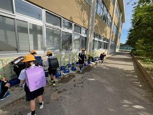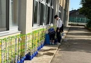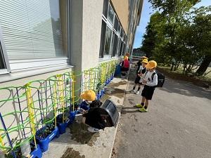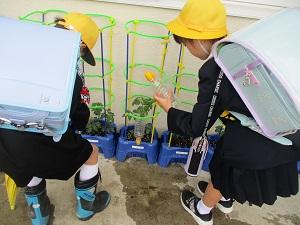 さて2年生は、生活科の時間に野菜を育てています。学校園にはいろいろな野菜を育てるのですが、昨年アサガオを育てた植木鉢には、ミニトマトの苗を植えることになりました。毎朝、玄関に入る前に子供たちはせっせとお水をあげています。「風で倒れそうな苗があるよ」「早く元気になってね」子供たちはいろいろとつぶやきながら、お水をあげています。「お水だけでいいのかな?」「このまま何もしなくて大大丈夫かな?」いろいろな問いが子どもたちの中から生まれてくるといいですね。どんなトマトに育てたいのか、どうしたらそうなるのか、子供たちで考えて追究していってほしいものです。
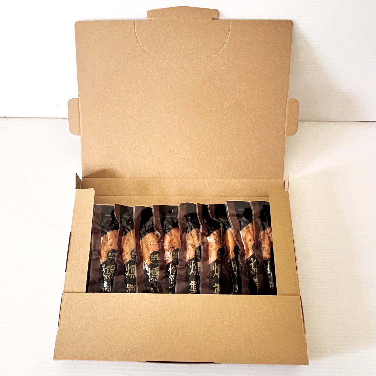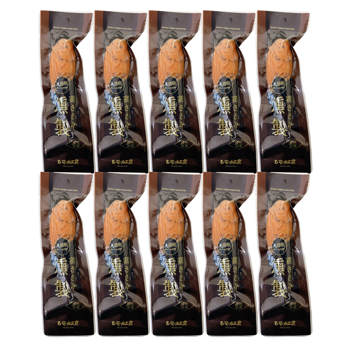 宮崎県産鶏ささみを独自に味付けした後、じっくり丹念に燻製した「宮崎産 鶏ささみ 燻製 黒胡椒」です。黒胡椒が効いたスパイシーな味わいになっています。ビール、日本酒、焼酎、ワインなどとの相性が良く、お酒のおともとして、美味しい大人のおつまみをお楽しみいただけます。常温保存が可能なため、日常のストック、常備品、非常食などにもご利用ください。
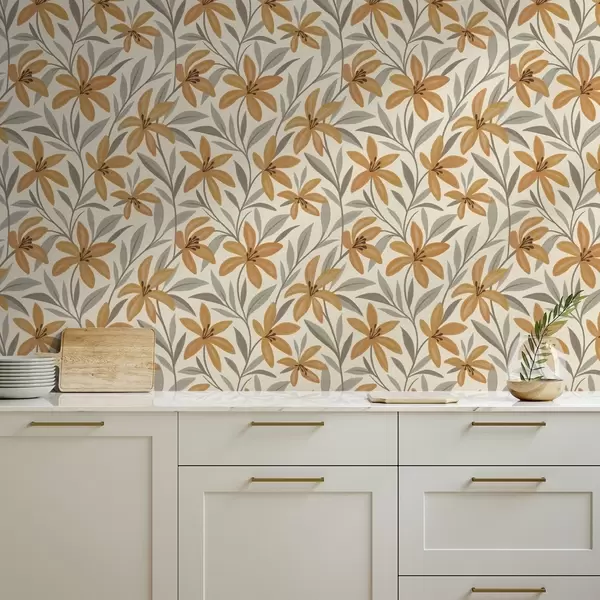 Carta da parati Gigli gialli e foglie grigio-verdi su sfondo chiaro Nr. a00757

++++++++++

Set down nothing but the lines from the one containing "宮崎県産鶏ささみを独自に味付けした後、じっくり丹念に燻製した「宮崎産 鶏ささみ 燻製" to the final line above, both included, with every picture left out.

The completed task -
 宮崎県産鶏ささみを独自に味付けした後、じっくり丹念に燻製した「宮崎産 鶏ささみ 燻製 黒胡椒」です。黒胡椒が効いたスパイシーな味わいになっています。ビール、日本酒、焼酎、ワインなどとの相性が良く、お酒のおともとして、美味しい大人のおつまみをお楽しみいただけます。常温保存が可能なため、日常のストック、常備品、非常食などにもご利用ください。
 Carta da parati Gigli gialli e foglie grigio-verdi su sfondo chiaro Nr. a00757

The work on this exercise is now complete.